Neil Mansilla: The founders of Runscope, John Sheehan and Frank Stratton, made significant investments early on in automation, deployment tools, realm management tools and libraries/frameworks. Two significant tools that we built are Prometheus, a front-end tool for managing deployments that manages all our microservices, and Smart-Client, which is an HTTP library that provides service discovery and runs HTTP requests asynchronously, as well as automatically retries idempotent requests.
InfoQ: What are some future roadmap items that you would like to share with our community?
Neil Mansilla: Runscope just announced support for client certificates for testing and monitoring APIs secured with SSL client authentication. Client certificates allow API providers to securely verify the identity of their API users in a manner that is stronger than Basic Auth or simple API tokens or passwords. Runscope users will be able to configure their test environments with PEM encoded certificates and keyfiles, and then toggle client authentication for individual requests. This feature allows Runscope to test and monitor API endpoints that require these credentials, as well as report failures if the certificates are invalid or revoked. Client certificate support is available for large and enterprise plans.
InfoQ: What is Live Traffic Alerts? What are the supported notification channels? What is the performance impact of monitoring in a live prod environment?
Neil Mansilla: We’re really excited to launch our newest feature, Live Traffic Alerts, a real-time API production traffic monitoring solution.
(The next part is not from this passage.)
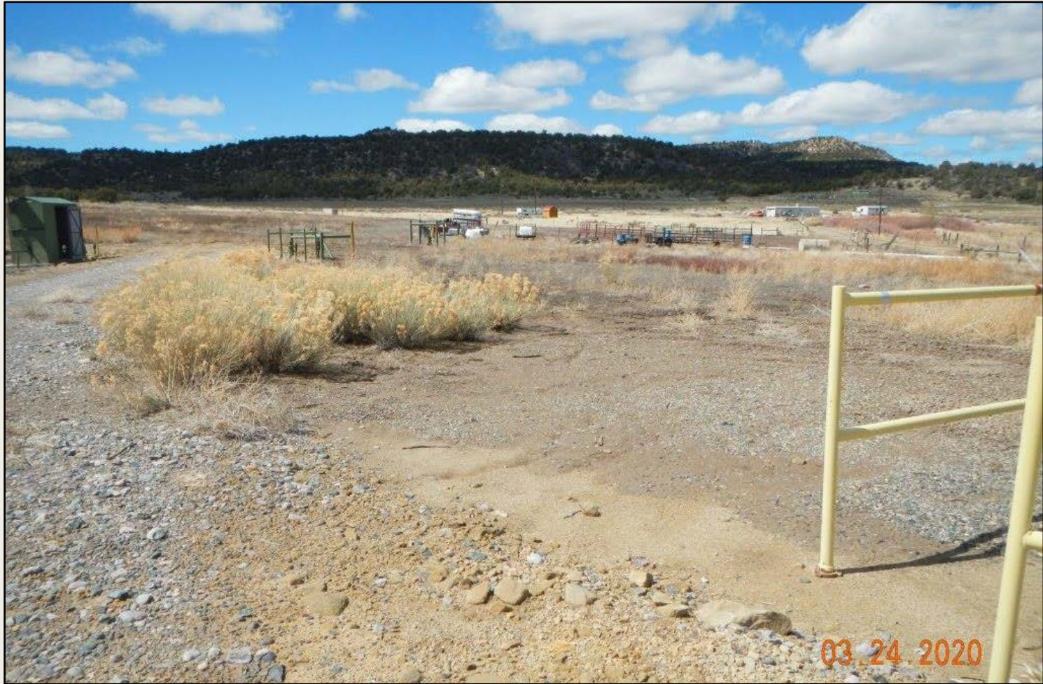
Photo 2. View of the northern project area from the well pad entrance facing westward. Revegetation is sparse within the majority of the project area. Some areas are revegetating with rubber rabbitbrush and sand dropseed.

The SaaS feature logs live API traffic and notifies developers when key API transaction failures and exceptions are detected in near real-time, enabling them to solve problems tied to negative customer engagement and lost revenue.
Live Traffic Alerts leverages Runscope’s high-performance, low-latency global traffic gateways and on-premises agents to empower app developers, DevOps teams and API stakeholders to define the metrics that matter to their business and be the first to know when real API calls break for both public and private APIs, without writing a single line of code. By monitoring exceptional API calls that occur in the moment and cannot be simulated, developers can catch outliers, view the complete details of the failed API call, share the details with their team, and even retry the failed requests. In addition, developers can monitor production API calls for critical business metrics and important events with notifications and custom dashboards.
With Live Traffic Alerts, you can trigger alerts based on flexible criteria from any part of the API call request and response that allows you to evaluate JSON and XML parameters. With full logging of all your matches, you can dive into specific data such as recent history matches and full request and response detail, as well as one-click retries of failed tests. All of these matches can be viewed in a custom dashboard for at-a-glance views of your most important API calls. Live Traffic Alerts uses automated escalation so you’ll get notified on the first 10th, 100th, 1000th and so on order of magnitude. We currently offer built-in integrations with Flowdoc, HipChat, Slack, webhooks and email.